NON-GAAP DISCLOSURES

This press release includes non-GAAP (generally accepted accounting principles) financial measures, including projections of the non-GAAP financial measures of EBITDAX and free cash flow on an as-combined basis. Due to the high variability and difficulty in making accurate forecasts and projections of some of the information excluded from these projected measures, together with some of the components of the calculations being inherently unpredictable, Devon is unable to quantify certain amounts that would be required to be included in the most directly comparable GAAP financial measures without unreasonable effort. Consequently, no disclosure of estimated comparable GAAP measures is included and no reconciliation of the forward-looking non-GAAP financial measures is included.  Such non-GAAP measures are not alternatives to GAAP measures, and you should not consider these non-GAAP measures in isolation or as a substitute for analysis of results as reported under GAAP.  For additional disclosure regarding Devon’s historical non-GAAP measures, including how we define such measures, please refer to Devon’s first-quarter 2024 earnings materials and related Form 10-Q filed with the SEC.

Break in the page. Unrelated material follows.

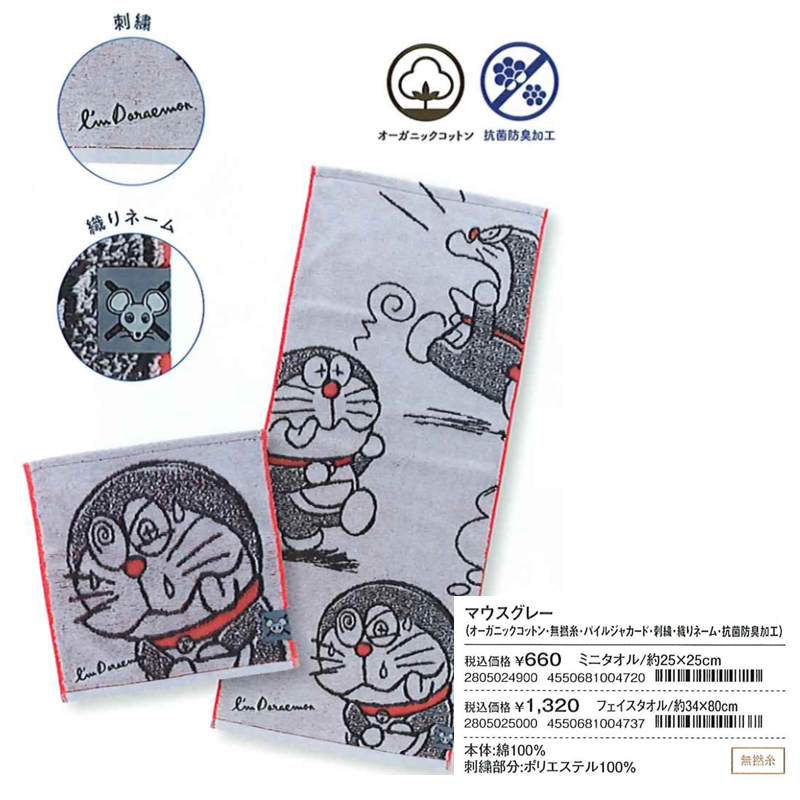 【ドラえもん】マウスグレー ミニタオル&フェイスタオル

CAUTIONARY NOTE ON RESERVES AND RESOURCE ESTIMATES   

The SEC permits oil and gas companies, in their filings with the SEC, to disclose only proved, probable and possible reserves. Any reserve estimates provided in this press release that are not specifically designated as being estimates of proved reserves may include estimated reserves or locations not necessarily calculated in accordance with, or contemplated by, the SEC’s latest reserve reporting guidelines. You are urged to consider closely the oil and gas disclosures in the Company’s 2023 Annual Report on Form 10-K and our other reports and filings with the SEC.


FAQ

What is the value of Devon Energy's acquisition of Grayson Mill Energy's Williston Basin business?

The acquisition is valued at $5 billion, consisting of $3.25 billion in cash and $1.75 billion in stock.

When is the acquisition of Grayson Mill Energy by Devon Energy expected to close?

The transaction is expected to close by the end of the third quarter of 2024, with an effective date of June 1, 2024.

How will the acquisition of Grayson Mill Energy impact Devon Energy's oil production?

The acquisition will increase Devon's oil production to an average of 375,000 barrels per day and total production to 765,000 Boe per day.

How will the acquisition affect Devon Energy's financial metrics?

The acquisition is immediately accretive to Devon's earnings, cash flow, free cash flow, and net asset value.

What is Devon Energy's share repurchase authorization following the acquisition announcement?

Devon Energy expanded its share repurchase authorization by 67% to $5 billion through mid-2026.

What are the projected savings from the Grayson Mill Energy acquisition?

Devon expects to realize up to $50 million in annual cash flow savings from operating efficiencies and marketing synergies.

How will the acquisition impact Devon Energy's dividend payout?

The acquisition is expected to be accretive to Devon's dividend payout starting in 2025.

How is Devon Energy funding the cash portion of the acquisition?

Devon will fund the $3.25 billion cash portion through a combination of cash on hand and debt.

What is Devon Energy's projected net debt-to-EBITDAX ratio post-acquisition?

The projected net debt-to-EBITDAX ratio is approximately 1.0 times upon closing.

How many shares will Devon Energy issue for the acquisition of Grayson Mill Energy?

Devon Energy will issue 37 million shares of common stock valued at $1.75 billion.